Out on the wiley, windy moors…

Two days ago, we arrived here at the farmhouse from town. The wind blew around the house all evening and night in moans and ghostly howls. Dingo kept barking at it, and in the course of a night in front of a crackling fire, we watched Kate Bush’s “Wuthering Heights” video, the one where she dances like an embarrassing 70s suburban mom discovering her inner Wiccan. It is an insidious earworm like few other songs, and it’s now stuck hard in my head, permanently, I fear.  

Yesterday was calm and very cold and sunny. Today is the first snowfall of the year. It’s powdered-sugaring out there. Happy December.

We finally ate the very last of Thanksgiving yesterday in the form of the rest of a red cabbage-spicy chorizo-white bean soup made with the second half of the turkey broth. The first half of the broth received the leftover pearl onions in béchamel, along with a chopped leek, a bag of frozen peas, and all the turkey meat I’d pulled off the bird and chopped before I put the bones into the broth. The soups were slurp-worthy and stood up well to the intensely savory, shimmeringly rich broth. The first was creamy, oniony, and filled with bits of green and chunks of meat. The second was purple and porky and full of soft, mealy beans, and we snarfed it, there is no other verb, for dinner, and then lunch the next day.

“I feel like Dingo,” I said at one point, looking up from my bowl with dripping jowls to see Brendan eating rapidly, with canine concentration.

Thanksgiving leftovers are the ultimate reward of hosting Thanksgiving dinner.  After I made the broth, I pulled another big bowlful of meat off the simmered bones and added the rest of the cranberry-walnut sauce to it. We mounded this insanely delicious turkey salad on hot toast with mayonnaise and chutney over the course of one lunch and two breakfasts, until it was gone. When no one was looking, I wiped the empty bowl with my finger and licked it. 

The rest of the mashed potatoes got turned into little pancakes fried in a cast iron skillet in peanut oil till they were crisp on both sides, then served with two poached eggs on top. The rich warm egg yolk soaked into the light, flaky potato and bits of browned onion.

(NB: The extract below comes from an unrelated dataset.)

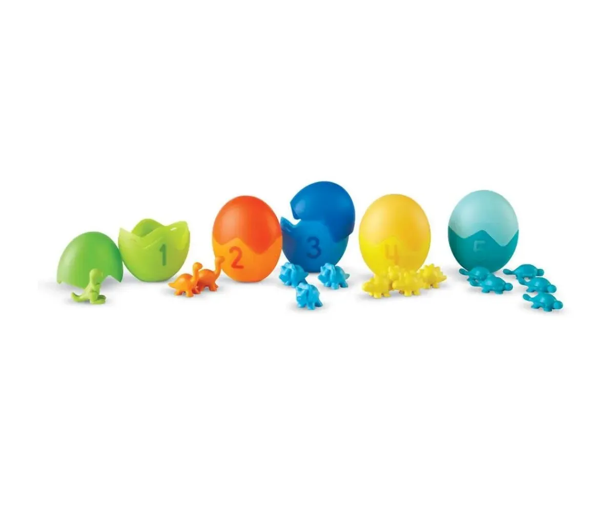 Este juego permite a los peques contar y reconocer colores mientras descubren cuántos dinosaurios hay dentro de cada huevo. Cada uno lleva un número en el exterior y en su interior se esconden el número de dinosaurios. Incluye 55 figuras de diferentes especies como T-Rex, Apatosaurios, Triceratops, ¡y muchos más!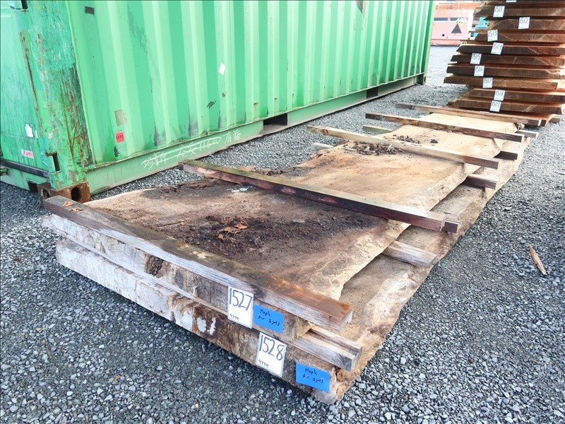 2-1/2" X 123" 5-YEAR AIR DRY LIVE EDGE MAPLE SLAB (LARGE END 45", SMALL END 27", MEASUREMENTS ARE APPROX)

The question arises in a vague but persistent inner voice once the fridge is empty again: what should we eat after all the holiday fare is well and truly gone? Those leftovers provided a helpful scaffolding for invention, and now I’m feeling lazy and uninspired. There’s nothing much around right now but some gluten-free pasta, a bag of frozen peas, some parmesan from a month ago, and aromatics. So tonight, we’ll have pasta with pea sauce. And there are couple of leeks in the bottom drawer for potato-leek soup, so that’s two days of lunch. But what about tomorrow night’s dinner? What about the next day?

I miss those old mimeographed school-cafeteria menu charts with their soothingly didactic regularity: Monday: sloppy Joes, Tuesday: tostadas, Wednesday: spaghetti with meatballs, Thursday, Salisbury steak, Friday, fried chicken… On days when there was going to be Mississippi mud cake for dessert, I’d spend the morning daydreaming about it in insatiable anticipation. Why was cafeteria milk always so fresh-tasting and ice-cold in its tiny individual cartons?

Anyway. Thanksgiving food eases the transition from fall harvest food to bone-warming winter stews and soups. It got very cold very early this year. The sun sets in the mid-afternoon. Yesterday, there were little ice balls in the lawn, and the streams had a top layer of ice. This morning when we woke up, there were lace frost curtains on the bottoms of the windows. The season of pot roast is upon us.

Stovetop Baked Eggs with Breakfast-Vegetable Stew

Dice an onion. Chop a package of baby Portobello mushrooms and one red pepper. Peel and smash and coarsely chop as many cloves of garlic as you like. Sauté all of it together in a large skillet in half oil, half butter until limp. Add a lot of chopped baby arugula, more than you think you’ll need, in two batches and cover as it wilts down to almost nothing.  Add half a box of Pomi chopped tomatoes, a lot of hot red pepper flakes, and salt and pepper. Stir and simmer uncovered for seven minutes, then sprinkle parmesan cheese over it in a layer like an early snowfall. Crack four eggs one by one onto the surface of the vegetables and pour just a jot of cream or half-and-half over each egg yolk. Cover and let bake on medium-low heat until the whites are just barely set and the yolk is still runny. Serves 2.